Impenetrability is defined as the property that no two objects can occupy the same place at the same time, a definition which can be attested by innumerable sources. If a class of objects have this property, they then are impenetrable. This is the traditional definition of Impenetrability, which has been considered a property of matter since the time of Plato. Now, given the apparatus of modern physics I will defend the proposition that the definition before given is an adequate conception of Impenetrability according to modern physics, as long as objects are properly defined. I will defend it first from the classical paradigm (of both Newtonian Mechanics and the two Relativity theories), and then I will move on to the vastly more intriguing and complex case of quantum mechanics.

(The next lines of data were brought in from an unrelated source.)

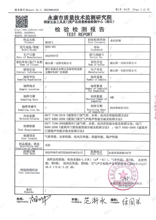 依据GB/T 8485-2008《建筑门窗空气声隔声性能分级及检测方法》国家评定等级评定,BOSS被动式入户门四项检测均高于国家标准。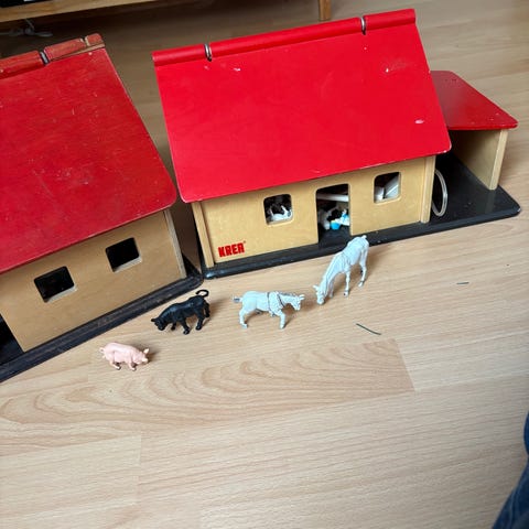 Smuk vintage træ bondegård fra Reisler med den karakteristiske strukturmaling på tagene. Modellen er fra 1960´erne og har aftagelige tage. Der medfølger 44 dele. Drømmer du om at blive gårdejer er her chancen :-) Mål på bundplade: (30 x 30)cm.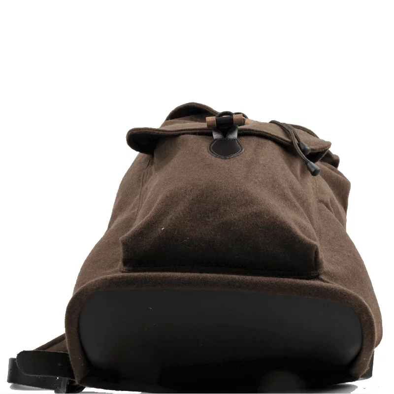 - Material: dunkelbrauner Lodenstoff, Ledertrageriemen und Lederapplikationen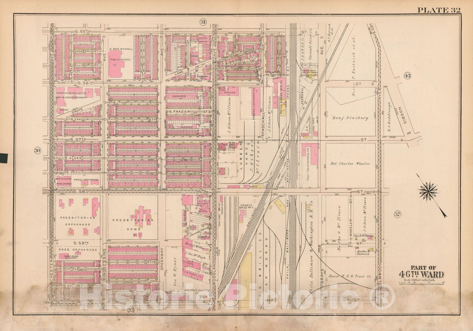 Historic Map : Atlas City of Philadelphia Wards 24,27,34,40,44&46 West Philadelphia, West Philadelphia 1927 Plate 032 , Vintage Wall Art

For classical theories, it is really quite simple. No matter whether you discuss Newtonian mechanics or General Relativity, it is taken to be axiomatic that a particular point in space-time can only be occupied by one 'packet,' or infinitesimal of matter. This means that the set of positions in space time occupied by a piece of matter cannot overlap with the set of positions of a different piece of matter. Hence, not only does the traditional definition of impenetrability make sense in classical theories, matter obeys the principle of impenetrability according to which ever theory you chose. However, there is one complication. Since different parts of an object move at different speeds, the set of positions of a piece of matter at a particular time is hard to define, since we have to decide which reference frame we are using. However, whichever reference frame we use, the property of impenetrability will hold; it is a generally covariant principle.
For Quantum Mechanics, things get vastly more interesting. Impenetrability is not in the least bit axiomatic in Quantum Mechanics and in Quantum Field Theory, and needs careful examination as well as the application of certain principles as well as a definition of matter for impenetrability to hold. This can be considered a consequence of the strangeness of Quantum Mechanics. Now in Quantum Mechanics, there is a principle called the Pauli Exclusion Principle, which you have stated; while this principle is necessary for establishing impenetrability it isn't sufficient (the uncertainty principle is also necessary). The technical formulation of this principle is as follows: the total wave function for two identical fermions is antisymmetric with respect to exchange of the particles. Before we decode this formulation, it is important to note that there are certain bosons with mass such as the W and Z bosons, which by virtue of obeying Bose-Einstein statistics violate the Pauli exclusion principle. These particles, which mediate the weak force, do not in fact display the properties of impenetrability; hence objects with mass (matter) do not necessarily have the property impenetrability. Back to the Pauli exclusion principle, its technical formulation implies the following informal one: no two identical fermions can occupy the same quantum state. This property has been used in conjunction with the uncertainty principle to show that ordinary bulk matter is solid and occupies volume; solidity of course implies impenetrability as the British philosopher John Locke observed. This idea was first suggested by the great Quantum physicist Paul Ehrenfest, here is a nice explanation why from Lubos Motl from physics stack exchange.
In summary, the property of Impenetrability as defined traditionally is adequate, with the additional caveat that according to the non-classical Quantum Mechanics this property belongs solely to ordinary matter and to a lesser extent to fermionic matter; there are exotic matter particles such as the W and Z bosons which don't display the property of Impenetrability.